Chapter 3 Data transformation

  1. Transform all columns of olympic_athletes_events to characters. Besides, ‘Season,’ ‘Sex,’ and ‘Medal,’ respectively, have 2 to 3 distinct values and should be converted to factors.

  2. For alpine_skiing, transform ‘Gender’ and ‘Rank’ into factors. Leave other variables be characters.

  3. noc_region is a table containing NOC code and common names of countries and regions. Combining map_data("world") and s continent information from countrycode package, we can retrieve longitude, latitude and continental information for each row in olympic_athletes_events.
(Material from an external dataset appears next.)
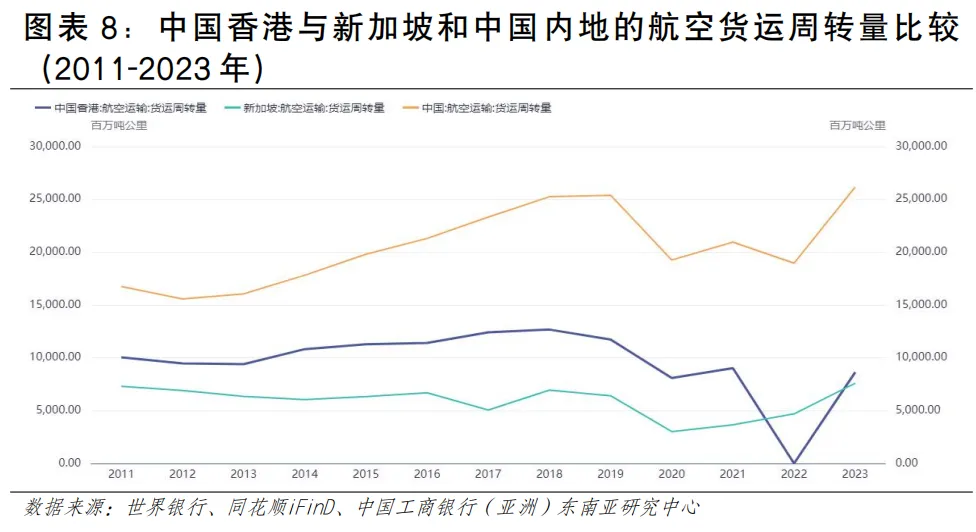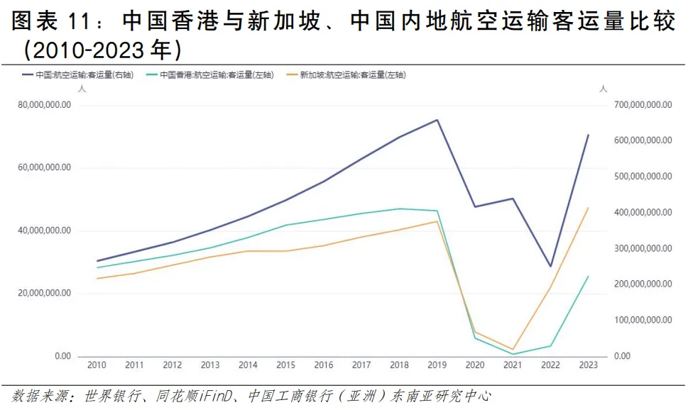 (二)航空人流:人流吞吐量与访港旅客数量齐升,客群国际化特征明显近年来香港航空客流增速领先全球。客运市场稳步复苏,2023年旅客吞吐量恢复至疫情前约70%,国际中转客流是重要组成部分。2024年香港机场累计完成旅客吞吐量5312.1万人次,同比增长34.3%;2025年全年客运量录得双位数增长,达6,100万人次,较去年上升15%。2025年机场管制站的访港旅客约1,122万人次,同比增长约12%。增长的驱动力看主要包括三个方面:一是国际商务客流的恢复,二是旅游客流的增加,三是中转客流的增加。航空出境居民人数疫情后快速反弹。疫情下香港居民出境人数骤减,疫情后触底反弹,2023年香港居民通过航空出境约920万人次,较前年增长超过420%;2024年航空出境本港居民1,128万人次,同比增长22.6%。航空出境约占整体出境居民人次的10.8%(见图表9)。空运客源地具有明显的国际化特征。其一,中国内地仍是最大客源地,占比37%;其二,东盟地区的客流占比呈上升趋势,年均增长率约为15%;其三,欧美地区的客流占比呈下降趋势(见图表10)。香港空运人流特征:其一,中转客流占比较高,疫情前占比近30%,目前正力争恢复至这一水平,2026年1-2月,转机及过境旅客量同比大幅攀升30%,呈现强劲恢复势头,在全球主要机场中处于较高位置;其二,旅游客流呈季节性波动,春节期间为明显客流高峰(如2026年2月峰值单日超21万人次),夏季亦为传统旺季。从亚太区域来看,香港的航空客运量走势与新加坡高度相似。新加坡作为东南亚核心国际航空枢纽,2023年航空客运量达4,750万人,恢复势头良好;香港依托国际化航空网络,2023年航空客运量达2,570万人,客运市场持续修复中;中国内地航空客运市场规模庞大,受疫情影响2020年至2022年有所回落,2023年强势反弹至6.2亿人(见图表11)。海上运输发展情况
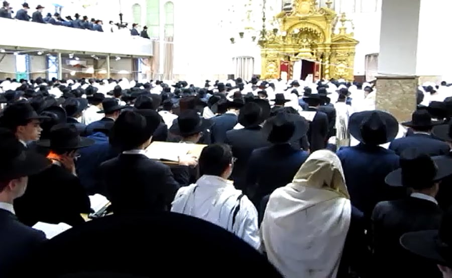 בתיעוד מיוחד נראים תלמידי הישיבה בהיכל ובגלריות לצד ארון הקודש מזהב טהור כאשר לפני התיבה ניגש משגיח הישיבה הגרא"ז גרוסברד ולצידו ראשי הישיבה הגר"ש מרקוביץ והגר"א דויטש.

Transformation process can be referred as follows:

olympic_athletes_events <- read_csv("Olympic Athletes and Events.csv", col_types = cols(
                   ID = col_character(),
                   Name = col_character(),
                   Sex = col_factor(levels = c("M","F")),
                   Age =  col_integer(),
                   Height = col_double(),
                   Weight = col_double(),
                   Team = col_character(),
                   NOC = col_character(),
                   Games = col_character(),
                   Year = col_integer(),
                   Season = col_factor(levels = c("Summer","Winter")),
                   City = col_character(),
                   Sport = col_character(),
                   Event = col_character(),
                   Medal = col_factor(levels = c("Gold","Silver","Bronze"))
                 )
)

noc_regions <- read.csv("noc_regions.txt") 
alpine_skiing <- read_delim("Alpine Skiing.csv", 
                            delim = ";", 
                            escape_double = FALSE, 
                            trim_ws = TRUE) %>% 
                 mutate_at(vars(Gender, Rank), 
                           funs(factor))
world <- map_data("world")

olympic_athletes_events <- olympic_athletes_events %>% 
                left_join(noc_regions, by = "NOC") %>% 
                select(-notes) %>%
                mutate(continent = countrycode(sourcevar = region,
                                               origin = "country.name",
                                               destination = "continent"))